Pero como una fiera desatada se despertó transpirado. En lucha por

poseerla batallaba lleno de una lujuria incestuosa que se respiraba en el

ambiente, perdido por la fiebre del amor insatisfecho que se hace rogar hacia

los días de recelo, reproches y desencantos. No lo pudo evitar y en la entrega

aparecieron todos ellos, distantes y tras reflejos perturbadores. Flashes

incandescentes o figuras recortadas sobre la oscuridad del cuarto hacían

retumbar las palabras: “no serás feliz”, “libera tu culpa” “no busques aquello

que no sabes dónde estará”, “permítete”… y el tono apelativo, dictatorial, sin

posibilidad de pensar anuló la escapatoria. El ser cancelado en la orden del

ser. Ser quién? Dónde la existencia podría ser una entidad descriptible si el

origen no fue fundado?. Se entregó reticente, con desconfianza y desapego.

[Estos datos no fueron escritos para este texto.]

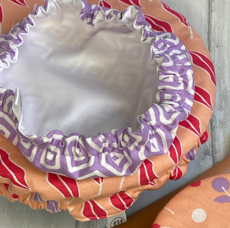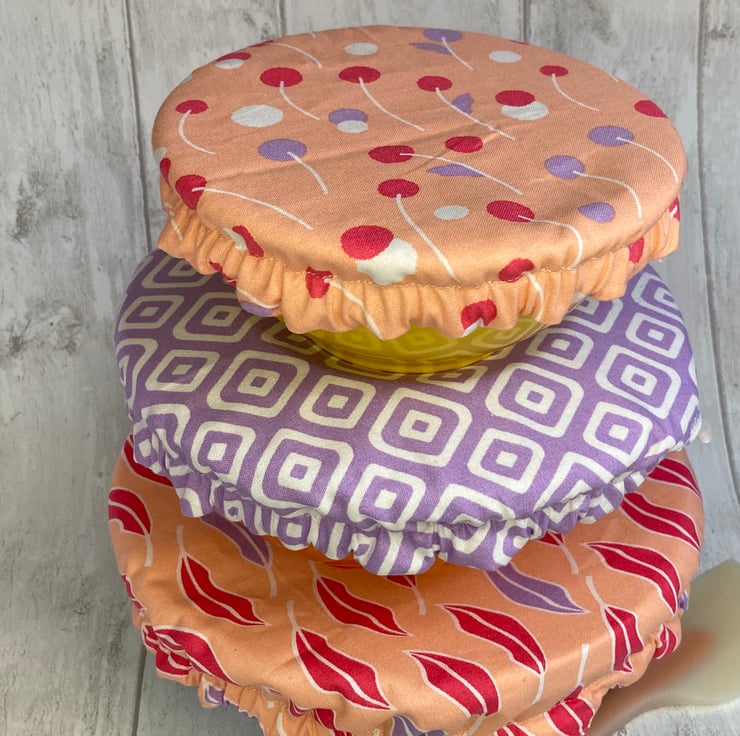 How could you resist these pretty food bowl covers? They are great for keeping food fresh and helping to reduce usage of cling film and plastic bags. Use them for covering bowls of leftovers in the fridge, keeping flies off salads before serving, covering thawing food or for keeping bread dough cosy. They are made from attractive cotton lined with white PUL – a waterproof and breathable fabric, safe for food use (more details below). The elastic hem holds the cover securely on your chosen bowl. They can be used in the fridge or freezer but not the microwave. If soiled, the lining can be wiped clean or the whole cover can be washed in the washing machine and air dried - much easier and more hygienic than beeswax wraps.
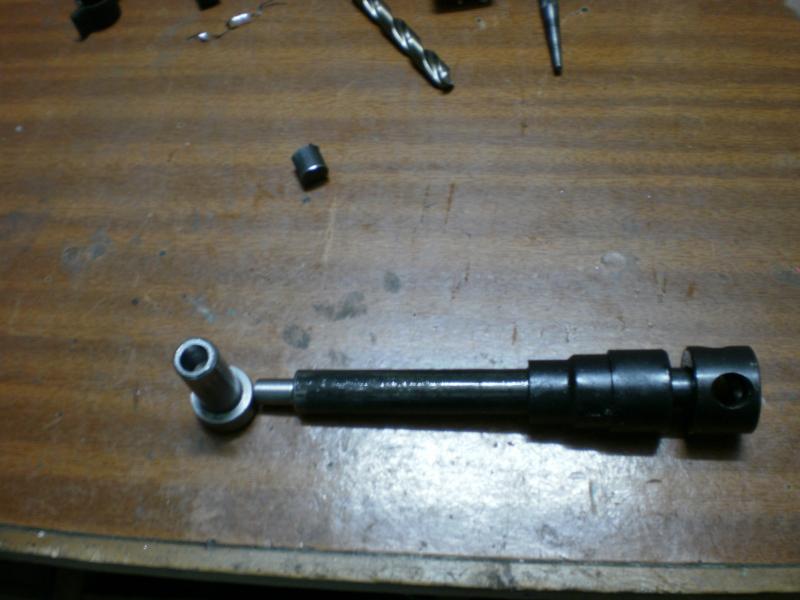 Según mis cálculos,con el muelle ya comprimido ( me voy a vasar en ensayo error) esta guía desliza sin problema por la ya fija de la propia carabina y no choca con nada,faltando 1cm para dar con el pasasor final que es el que fija todo el sistema gatillo,que es hueco por dentro.
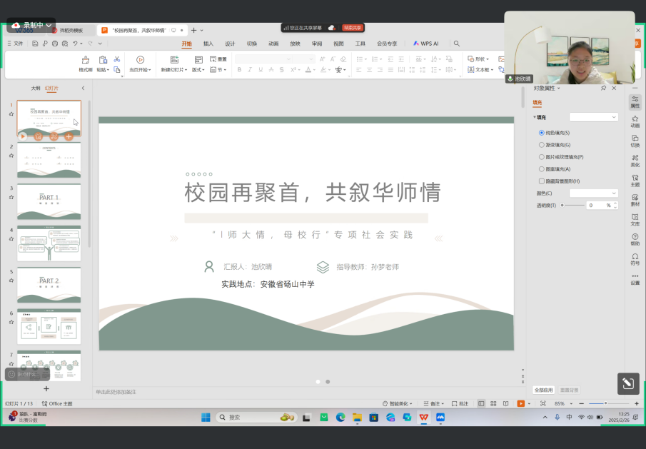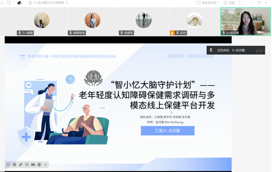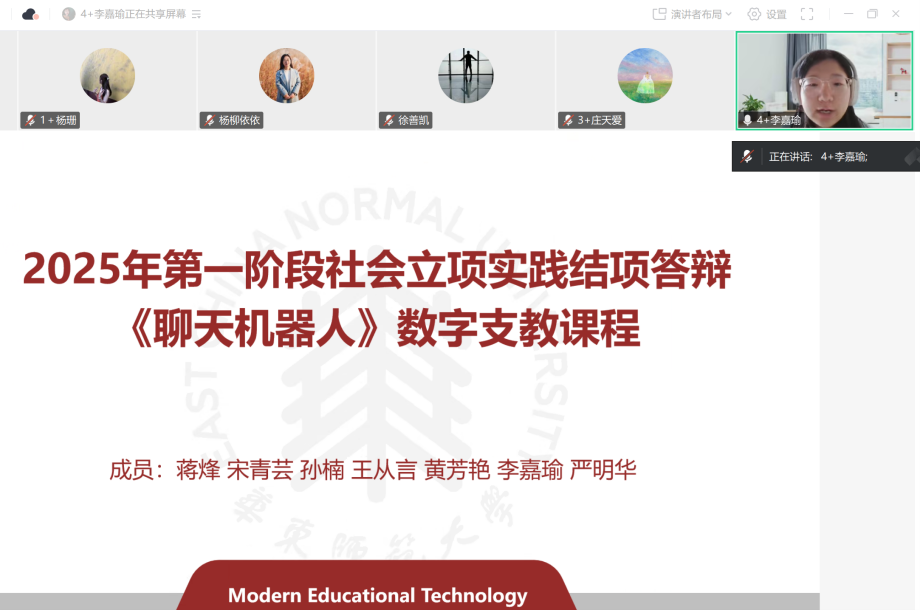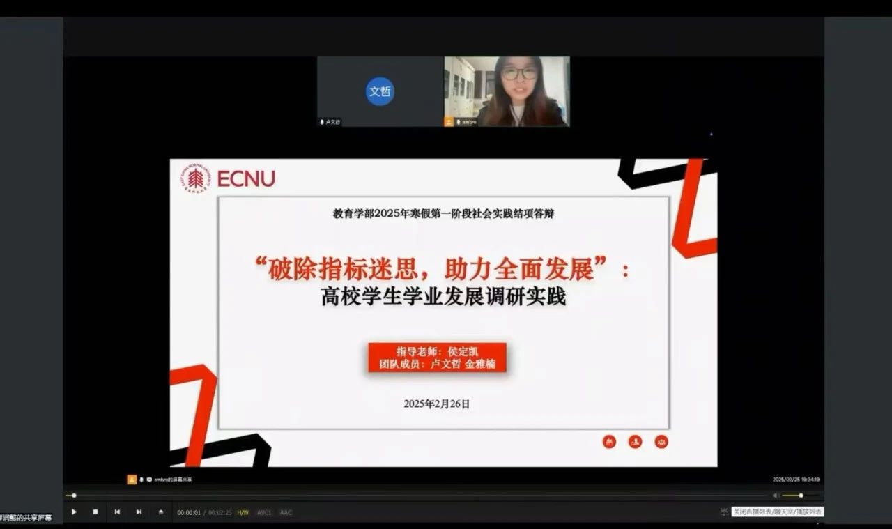 2月26日中午,教育学部2025年第一阶段主题社会实践结项答辩会分5个分会场同时进行。经评定,共79支实践团队顺利通过结项答辩,其中14支团队获评“重点项目”。此次答辩会分别由教育学部团委实践服务部恽凯淳、杜姝蓉、陈玉芳、郝明好、李燕等5名同学主持。
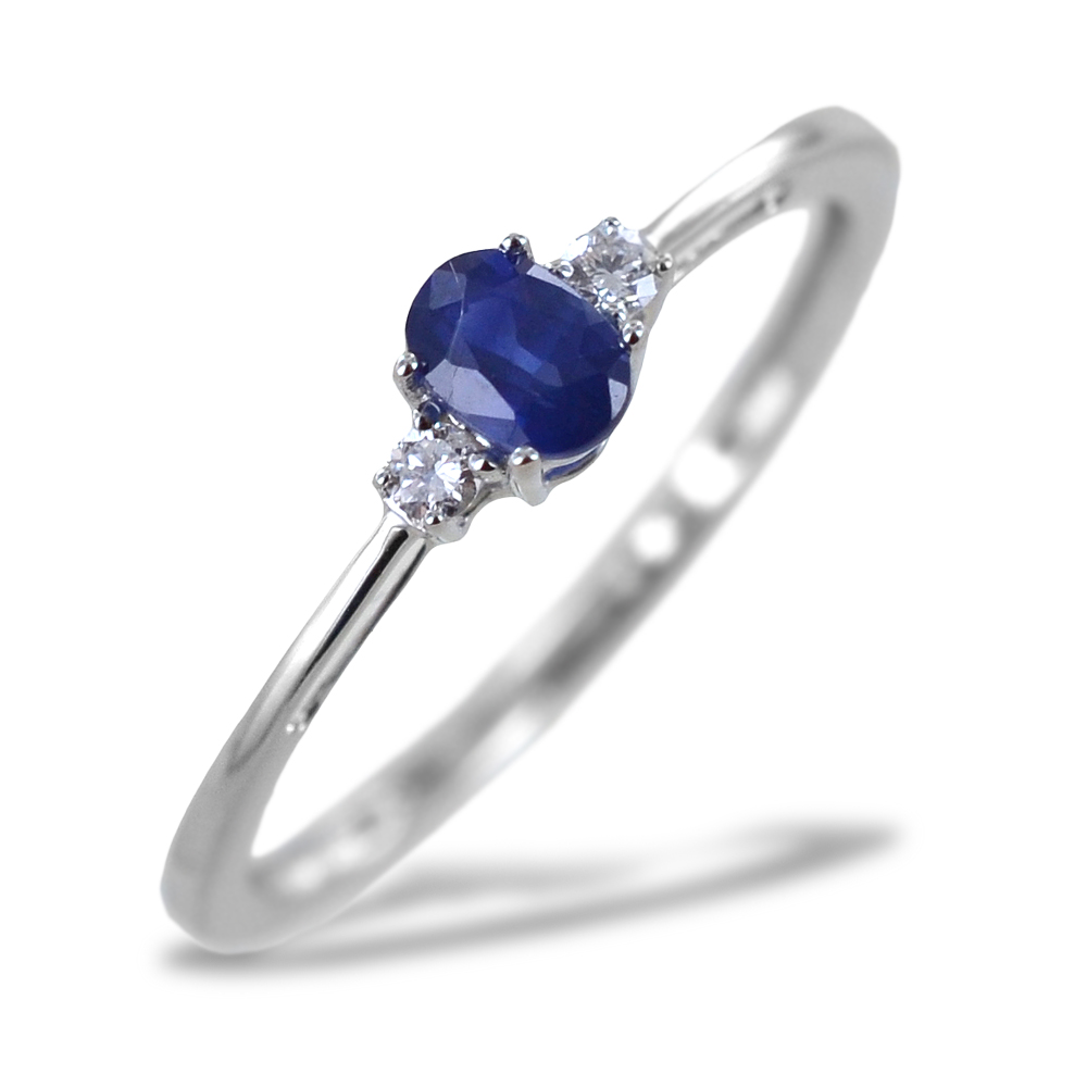Questo anello con zaffiro è un gioiello classico grazie al piccolo zaffiro a taglio ovale e i due diamanti laterali, e ha una solida montatura, che lo rende un gioiello molto resistente.
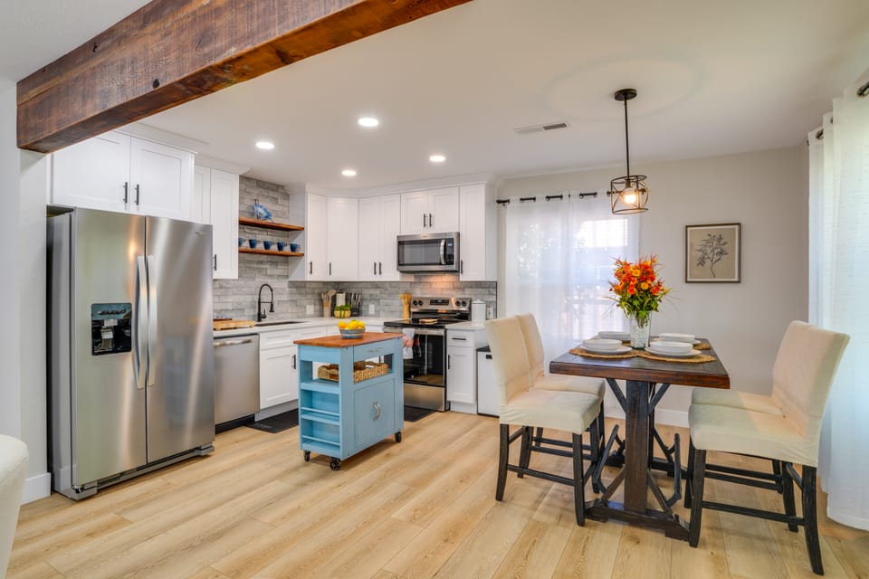 Small-town charm meets modern comfort at this thoughtfully updated Modesto vacation rental. The home is ideal for those visiting family or in town for business, complete with all the comforts like a full kitchen, 3 bedrooms, and in-unit laundry. During downtime, walk to local bars and cafes and explore scenic Tuolumne River trails. Secure your stay and get ready to live like a local in the heart of the Central Valley!

Invadida de sensaciones perturbadoras vio alrededor de la cama, observándola

y esperando la confirmación de su presencia, cada uno de los rostros que

exigían una respuesta complaciente: una hija fiel y atenta, una madre cariñosa

y paciente, una maestra tolerante e innovadora, y ¿ella?. Rebelde se

desprendió de sus disfraces, pegó un portazo, lo empujó y lo sacó

violentamente de entre sus piernas para perderse insensible en un vacío

carente de anhelos, vacío del deseo, ausente del placer.

La puerta del balcón la invitaba a asomarse, las voces instigaban el a

abandono, perderse en ese vacío y desplegar esas pequeñas alitas que

lastimaban su baja espalda intentando abrirse paso a través de la carne. Si no

hubiera sido por ese afán atroz de superarse aún nos acompañaría, dijeron.